本論文精確診斷並分析早產兒自閉症光譜症候的行為特徵,提出早期發展指標及危險因子,是一個具族群代表性的早產兒自閉症光譜症候群世代研究。
Autism spectrum disorder (ASD) is a neurodevelopmental disorder characterized by social communication difficulties and a restricted repetitive behavioral pattern presenting during young childhood. Preterm birth children are more vulnerable to ASD compared with term birth children; however, the incidence of ASD diagnosis through direct assessment on every preterm birth child on the population base remains unclear. Moreover, the behavioral characteristics, early developmental trajectories, and the underlying neurobiological substrate of preterm birth ASD are unknown.
To define ASD incidence in a population-based preterm cohort, every very preterm birth child (gestational age <32 weeks; birth weight <1500 grams) who was discharged from neonatal intensive care units in Tainan and prospectively followed to 5 years of age were enrolled. In addition to developmental examinations, they were also evaluated using the Autism Diagnostic Observation Schedule (ADOS) and the Autism Diagnostic Interview-Revised (ADI-R) for the diagnosis of ASD at 5 years of age. The follow up rate of the population cohort at 5 years old was 87%. Through universal diagnostic assessments, we identified 7.7% of ASD incidence in the very preterm population at 5 years of age.
To define the symptom severity and behavioral characteristics of preterm birth ASD, a group of term birth (gestational age >37 weeks) ASD characterized by ADOS and ADI-R was recruited.
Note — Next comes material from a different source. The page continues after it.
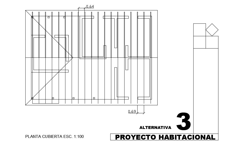 12x8m house roof layout AutoCAD 2d model is given in this file. This is a single story house building. The left and right side, A type roof is provided.

Comparing the 18 preterm ASD and 44 term birth ASD children, canonic discriminant analysis identified differences in qualitative abnormalities in reciprocal social interaction of ADI-R. Preterm birth ASD children exhibited worse nonverbal behaviors that regulate social interaction, but more favorable peer relationships and socioemotional reciprocity. In contrast to the heterogeneous severity of social reciprocity in the term ASD group, the behavioral characteristics of the preterm ASD group showed a homogeneous reciprocal social interaction pattern.
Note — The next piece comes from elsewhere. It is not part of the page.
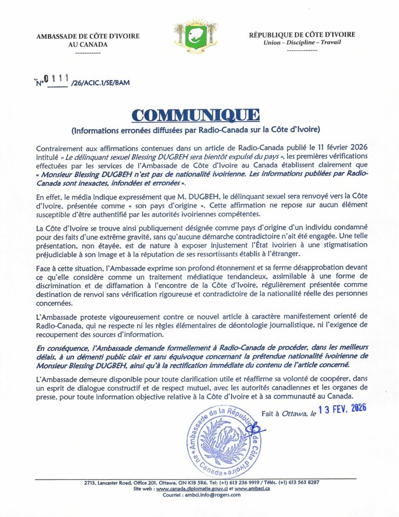 Communiqué : Fausses Informations de Radio-Canada sur la Côte d’Ivoire

To define whether the early-life general developmental trajectory could be an early ASD marker in preterm population, the developmental quotients of all preterm infants at 6 months, 12 months, and 24 months of age were analyzed by group-based trajectory modeling. The mental performance trajectory had 3 patterns: low-declining, high-declining, and high-stable, which corresponded to ASD prevalence of 35%, 9%, and 3%. ASD odds was 15 times higher in the low-declining group than in the high-stable group. Through the analysis of multinomial logistic regression, we found that male infants with longer exposure to oxygen therapy whose mothers had lower maternal education levels tended to follow the low-declining trajectory. Therefore, early-life mental trajectory patterns may lead to identification of vulnerable children born preterm for early ASD diagnosis and targeted intervention.
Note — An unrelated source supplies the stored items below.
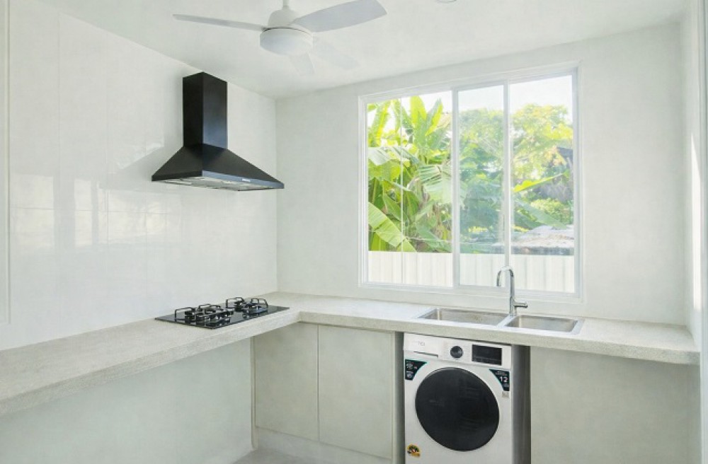 ห้องครัวรับแสงธรรมชาติ อากาศถ่ายเทดี พร้อมฮู้ด และหน้าต่างบานใหญ่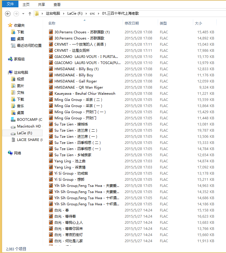 因为工作关系,我入驻中唱做数字化资料整理三年多。 这张图内的音频文件,就是现在被保留下来的民国流行音乐,一共有2083首。 这部分音乐来自于我们解放初期对中国几个唱片公司版库的盘点,这些音乐有一部分已经没有唱片存世。中唱上海的老工程师们把压制唱片用的模板当作载体进行采录,留下了这些珍贵的音乐。我应该是为数不多的(可能真的是绝无仅有的)把这2083首都听过一遍的人。结合我能看到的一些史料,收集到的一些唱片,给大家介绍一些这个时代比较重要的歌手。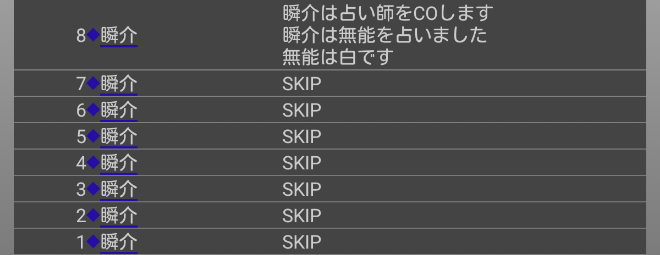 瞬介「この2人以外に票が集まっていないという事情もある。最後の発言になります。意思は示したので『スキップ』します」

By applying a deep learning neuronal network, this study could further identify medical risk factors in temporal sequences in the first 2 months of life that could affect autistic behaviors at preschool age. The neonatal critical care might be modified to reduce autistic behaviors in children born very preterm. In addition, functional magnetic resonance imaging studies could provide the neurobiological substrate underlying the phenotype characteristics of preterm birth ASD, that could be used for objective diagnosis and precise classification.
It is a representative population cohort focusing on ASD in the very preterm population, that provides definite diagnosis and behavioral characterization of preterm birth ASD children, and proposes early developmental marker and early-life medical risk factors for early identification/intervention and possibly prevention of ASD.
1. American Psychiatric Association. Diagnostic and statistical manual of mental disorders. 5th ed. Arlington, VA: American Psychiatric Association; 2013.
2. Christensen DL, Maenner MJ, Bilder D, et al. Prevalence and characteristics of autism spectrum disorder among children aged 4 years - early autism and developmental disabilities monitoring network, seven sites, United States, 2010, 2012, and 2014. MMWR Surveill Summ. 2019;68(2):1‐19.
3. Kuo HT, Muo CH, Chang YT, Lin CK. Change in prevalence status for children with developmental delay in Taiwan: a nationwide population-based retrospective study. Neuropsychiatr Dis Treat. 2015;11:1541‐1547.
4. Simonoff E, Pickles A, Charman T, Chandler S, Loucas T, Baird G. Psychiatric disorders in children with autism spectrum disorders: prevalence, comorbidity, and associated factors in a population-derived sample. J Am Acad Child Adolesc Psychiatry. 2008;47(8):921‐929.
5. Downs JM, Lechler S, Dean H, et al. The association between comorbid autism spectrum disorders and antipsychotic treatment failure in early-onset psychosis: a historical cohort study using electronic health records. J Clin Psychiatry. 2017;78(9):e1233‐e1241.
6. Yip BHK, Bai D, Mahjani B, Klei L, Pawitan Y, Hultman CM, et al. Heritable variation, with little or no maternal effect, accounts for recurrence risk to autism spectrum disorder in Sweden. Biol Psychiatry. 2018;83:589-597.
7. Tick B, Bolton P, Happé F, Rutter M, Rijsdijk F. Heritability of autism spectrum disorders: a meta-analysis of twin studies. J Child Psychol Psychiatry. 2016;57:585-595.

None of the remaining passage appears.